Activity → Retype the lines below exactly, from the one that contains "Go Vikings! This" through the last, and leave every picture out.
Segment Start: Available records
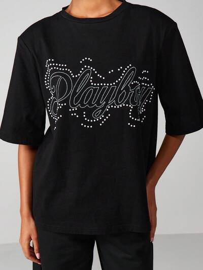 Missguided x Playboy T-Shirt mit Strass-Schriftzug und Glitzerdetail-40%
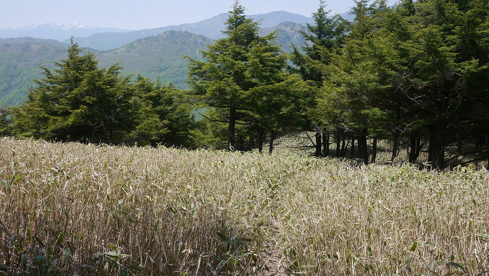 道は、あったりなかったりだったが樹木の近くに行くと日陰が出来易いようで笹の勢いが弱まっていた。
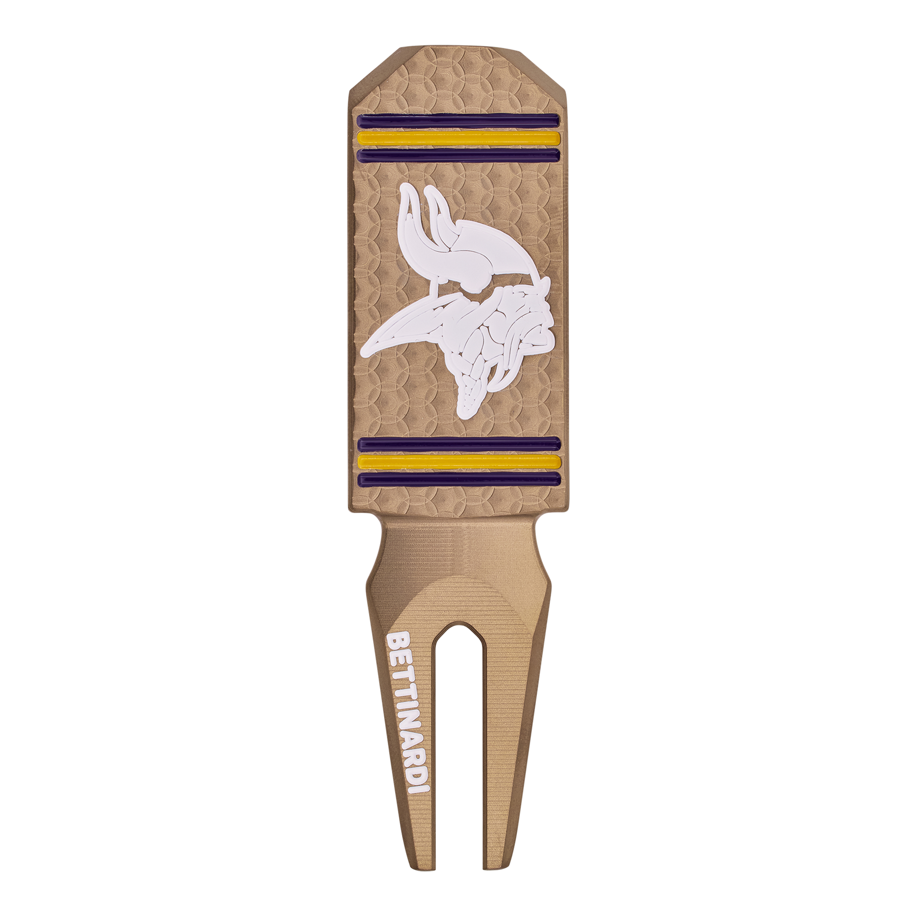 Go Vikings! This Gold Flame divot tool features the Minnesota Vikings logo milled over Micro Honeycomb™ on the front, with a Hex B on the backside above the thumb contour in purple and yellow paint fills. Limited quantities are available. Please allow 5 days for this item to ship.
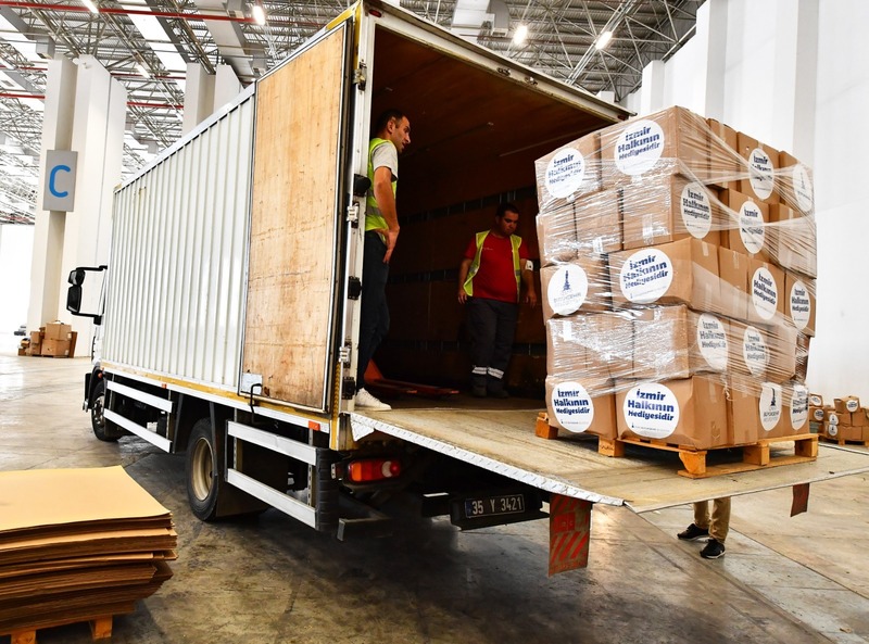 Böylelikle İzmir Büyükşehir Belediyesi Artvin, Adana, Muğla ve Antalya’ya toplam 77 ton malzeme göndermiş oldu.
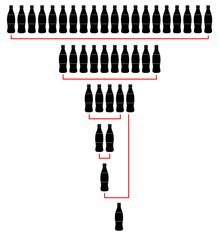 문제를 풀던 상빈이는 콜라 문제의 완벽한 해답을 찾았습니다. 상빈이가 푼 방법은 아래 그림과 같습니다. 우선 콜라 빈 병 20병을 가져가서 10병을 받습니다. 받은 10병을 모두 마신 뒤, 가져가서 5병을 받습니다. 5병 중 4병을 모두 마신 뒤 가져가서 2병을 받고, 또 2병을 모두 마신 뒤 가져가서 1병을 받습니다. 받은 1병과 5병을 받았을 때 남은 1병을 모두 마신 뒤 가져가면 1병을 또 받을 수 있습니다. 이 경우 상빈이는 총 10 + 5 + 2 + 1 + 1 = 19병의 콜라를 받을 수 있습니다.
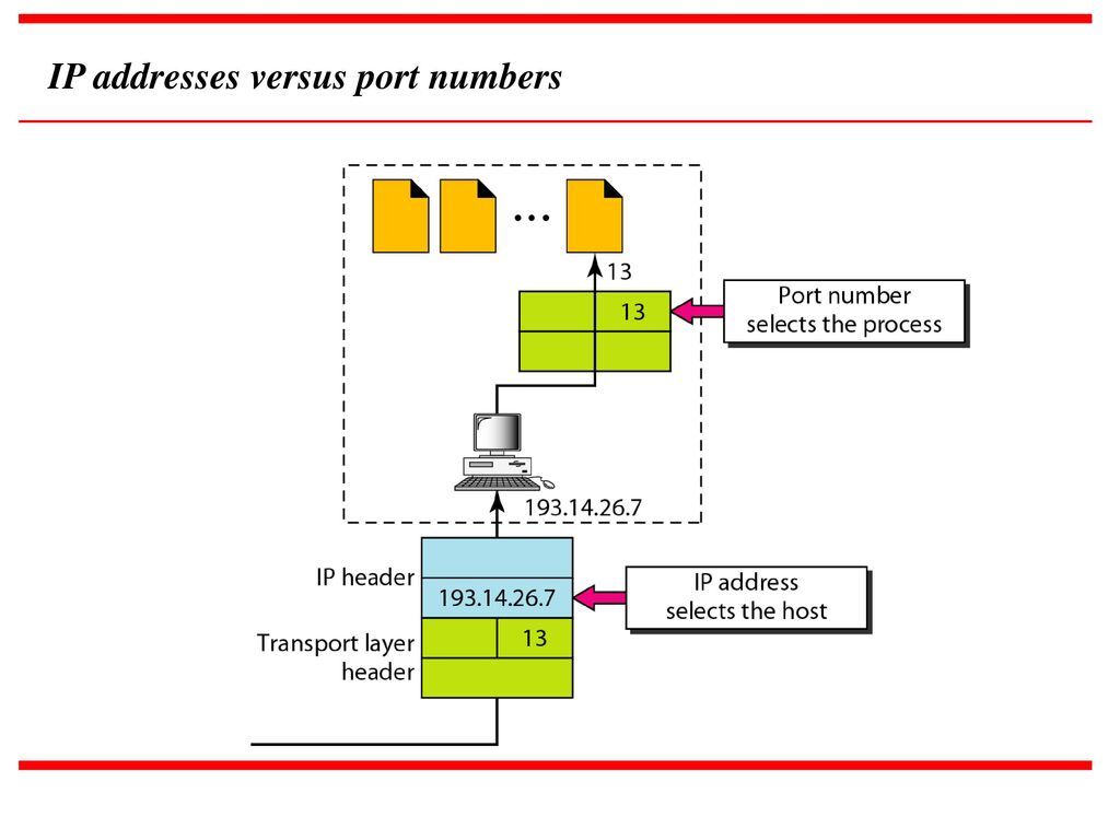 우리는 운영체제의 구멍(포트번호)을 통해서 그 프로그램과 대화를 시도한다. 하나의 컴퓨터 안에 여러 개의 소프트웨어가 있을 것이고, 여기서 운영체제는 어느 소프트웨어로 전송할지를 이 포트 번호(Transport Layer의 주소)를 보고 결정을 하게되는 것이다. TCP/UDP의 포트번호는 16비트로0~65,535안에 존재한다. 웹브라우저가 웹서버 접속할때 80번에 주로 접속하는데, 이처럼 흔히 쓰이게 되는 포트 번호들을 well-known 넘버라고 한다. 0~1023사이의 기본적인 통신체제가 책정되어있다. 게임 소프트웨어들은 포트 번호 공개하는 경우들이 있는데 이는 바로 충돌을 피할 수 있도록 "우리가 이 번호를 사용하고 있으니 웬만하면 사용하지 마세요"라고 알려주는 것이다.
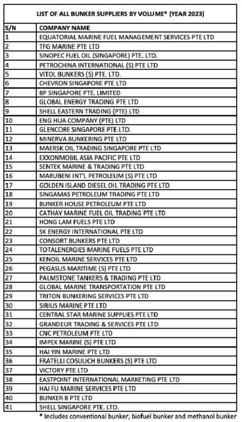 值得一提的是,2023年,新加坡持牌船用燃料油供应商再减少一家,丰田通商石油私人有限公司 (Toyota Tsusho Petroleum,以下简称“丰田通商石油”)的燃料供应商许可证被吊销。
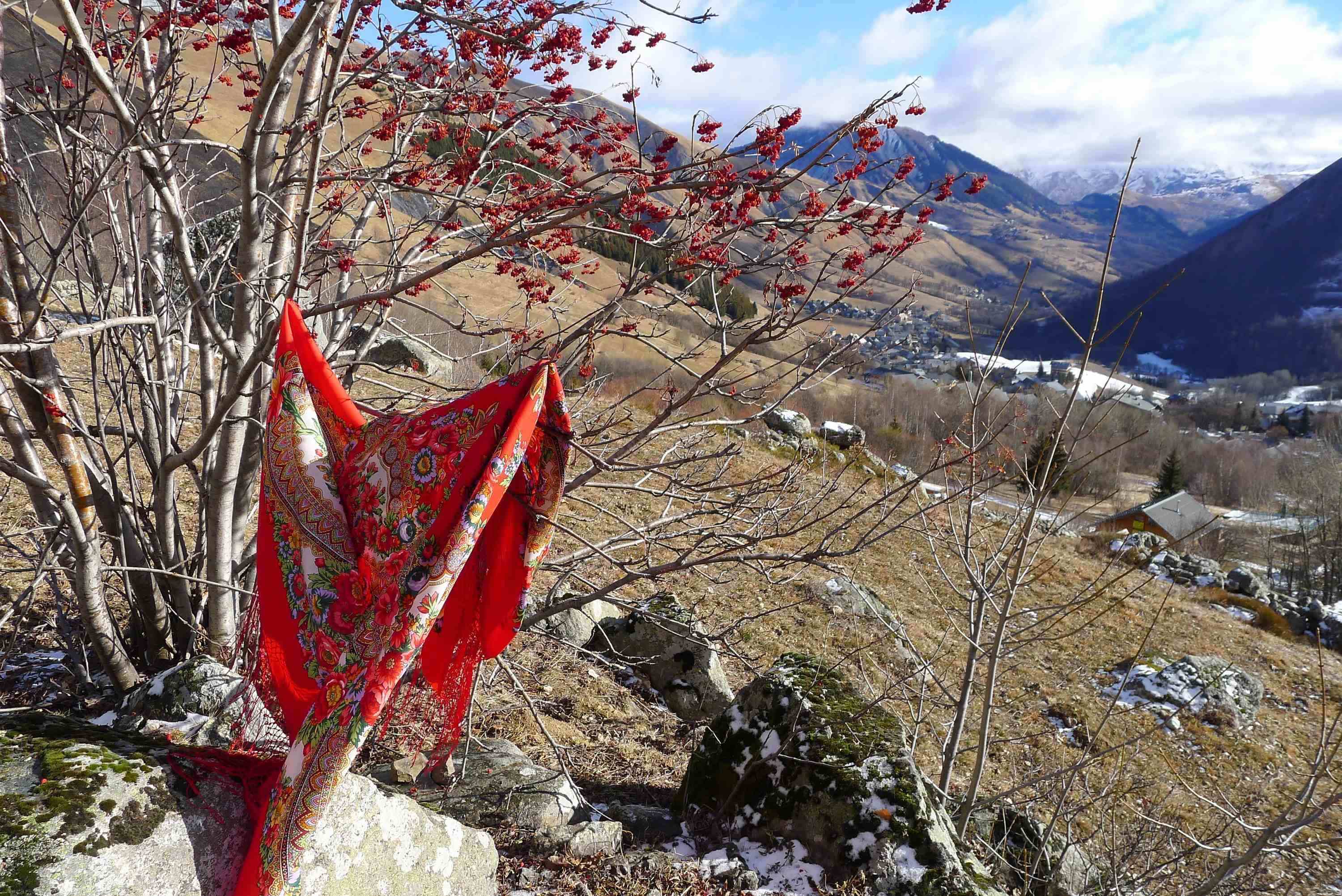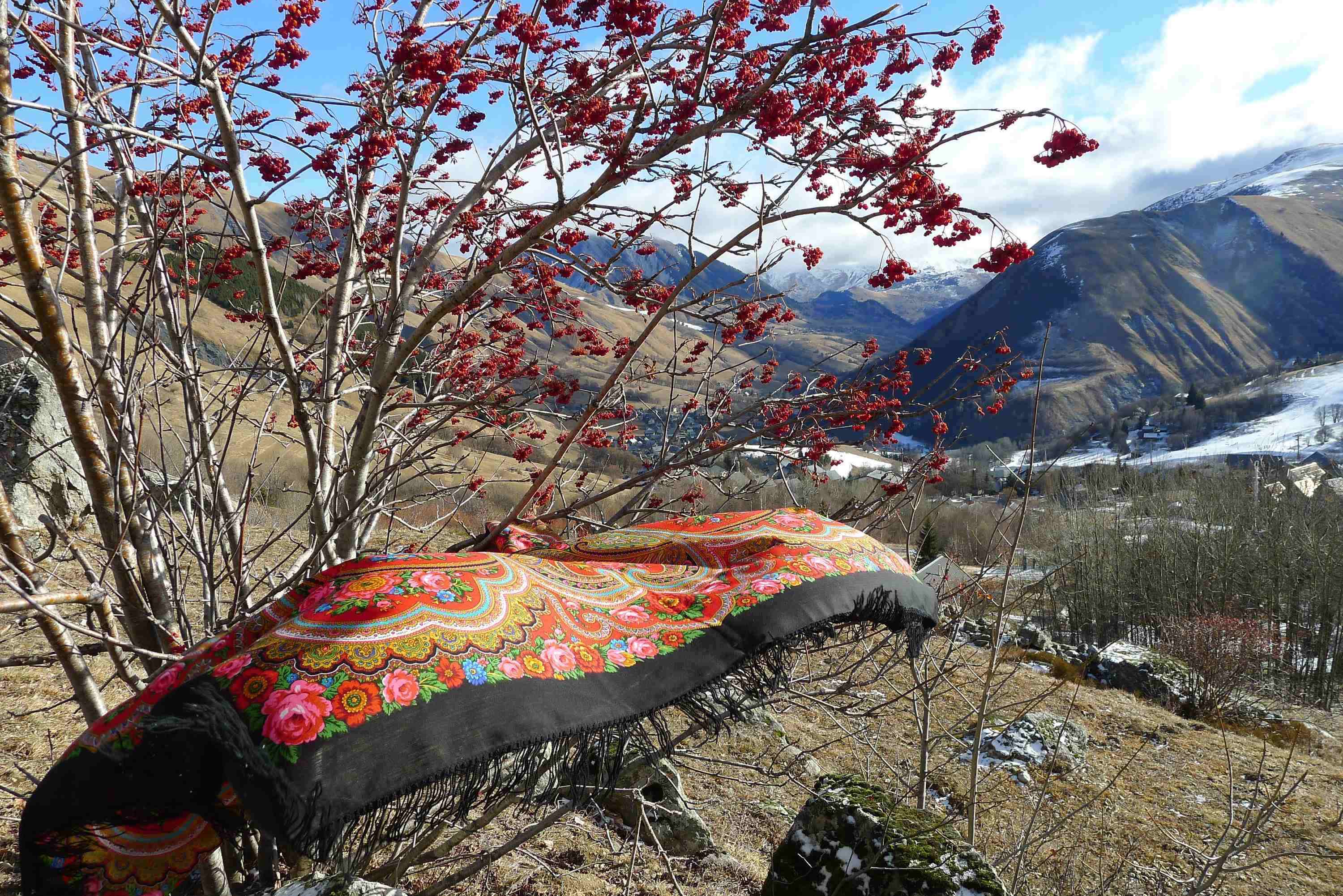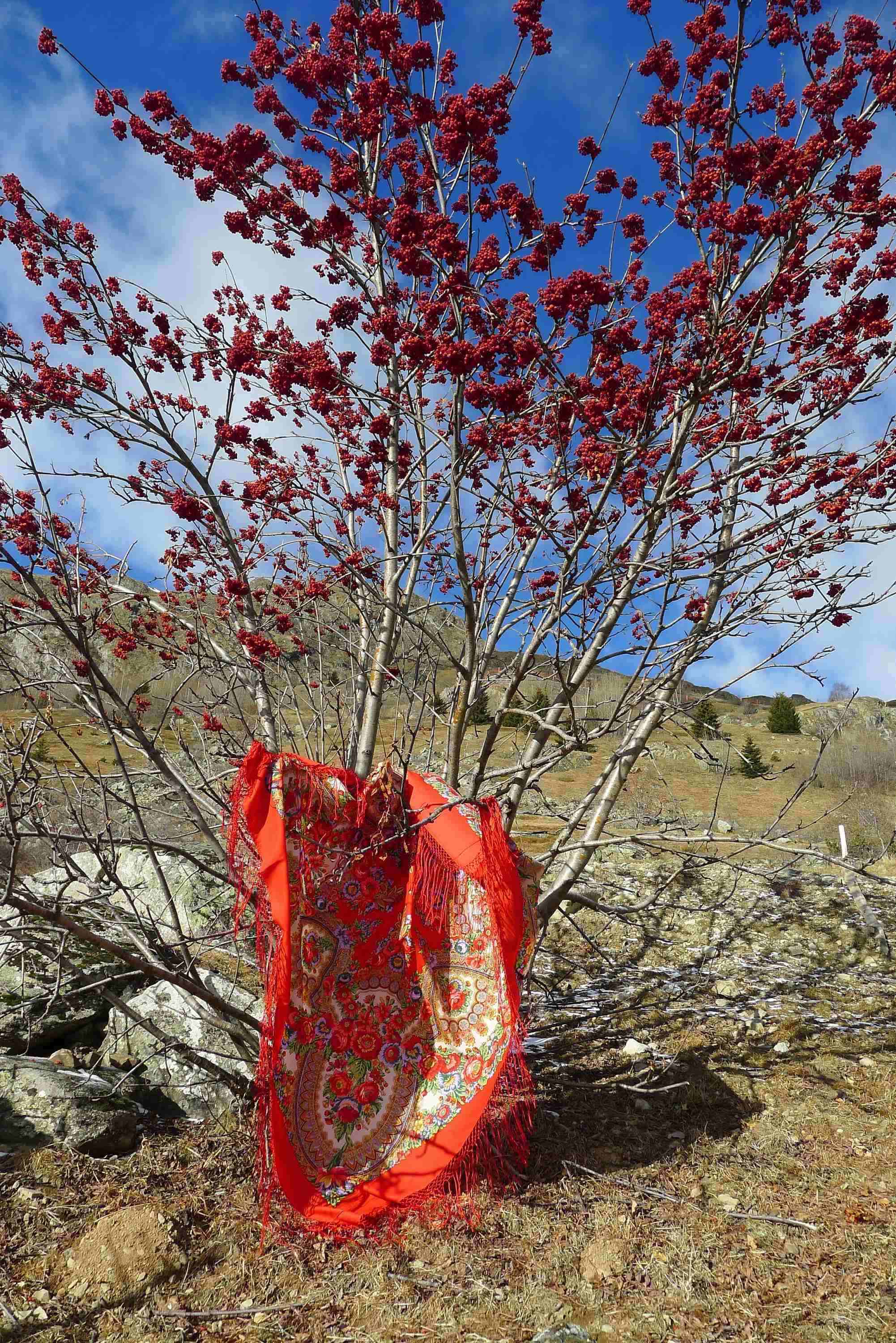 Замерзшие речки, камни и скалы, алые ягоды, синее небо и яркие платки- восхитительное зрелище.
Segment End: Available records
Task output →
 Go Vikings! This Gold Flame divot tool features the Minnesota Vikings logo milled over Micro Honeycomb™ on the front, with a Hex B on the backside above the thumb contour in purple and yellow paint fills. Limited quantities are available. Please allow 5 days for this item to ship.
 Böylelikle İzmir Büyükşehir Belediyesi Artvin, Adana, Muğla ve Antalya’ya toplam 77 ton malzeme göndermiş oldu.
 문제를 풀던 상빈이는 콜라 문제의 완벽한 해답을 찾았습니다. 상빈이가 푼 방법은 아래 그림과 같습니다. 우선 콜라 빈 병 20병을 가져가서 10병을 받습니다. 받은 10병을 모두 마신 뒤, 가져가서 5병을 받습니다. 5병 중 4병을 모두 마신 뒤 가져가서 2병을 받고, 또 2병을 모두 마신 뒤 가져가서 1병을 받습니다. 받은 1병과 5병을 받았을 때 남은 1병을 모두 마신 뒤 가져가면 1병을 또 받을 수 있습니다. 이 경우 상빈이는 총 10 + 5 + 2 + 1 + 1 = 19병의 콜라를 받을 수 있습니다.
 우리는 운영체제의 구멍(포트번호)을 통해서 그 프로그램과 대화를 시도한다. 하나의 컴퓨터 안에 여러 개의 소프트웨어가 있을 것이고, 여기서 운영체제는 어느 소프트웨어로 전송할지를 이 포트 번호(Transport Layer의 주소)를 보고 결정을 하게되는 것이다. TCP/UDP의 포트번호는 16비트로0~65,535안에 존재한다. 웹브라우저가 웹서버 접속할때 80번에 주로 접속하는데, 이처럼 흔히 쓰이게 되는 포트 번호들을 well-known 넘버라고 한다. 0~1023사이의 기본적인 통신체제가 책정되어있다. 게임 소프트웨어들은 포트 번호 공개하는 경우들이 있는데 이는 바로 충돌을 피할 수 있도록 "우리가 이 번호를 사용하고 있으니 웬만하면 사용하지 마세요"라고 알려주는 것이다.
 值得一提的是,2023年,新加坡持牌船用燃料油供应商再减少一家,丰田通商石油私人有限公司 (Toyota Tsusho Petroleum,以下简称“丰田通商石油”)的燃料供应商许可证被吊销。
 Замерзшие речки, камни и скалы, алые ягоды, синее небо и яркие платки- восхитительное зрелище.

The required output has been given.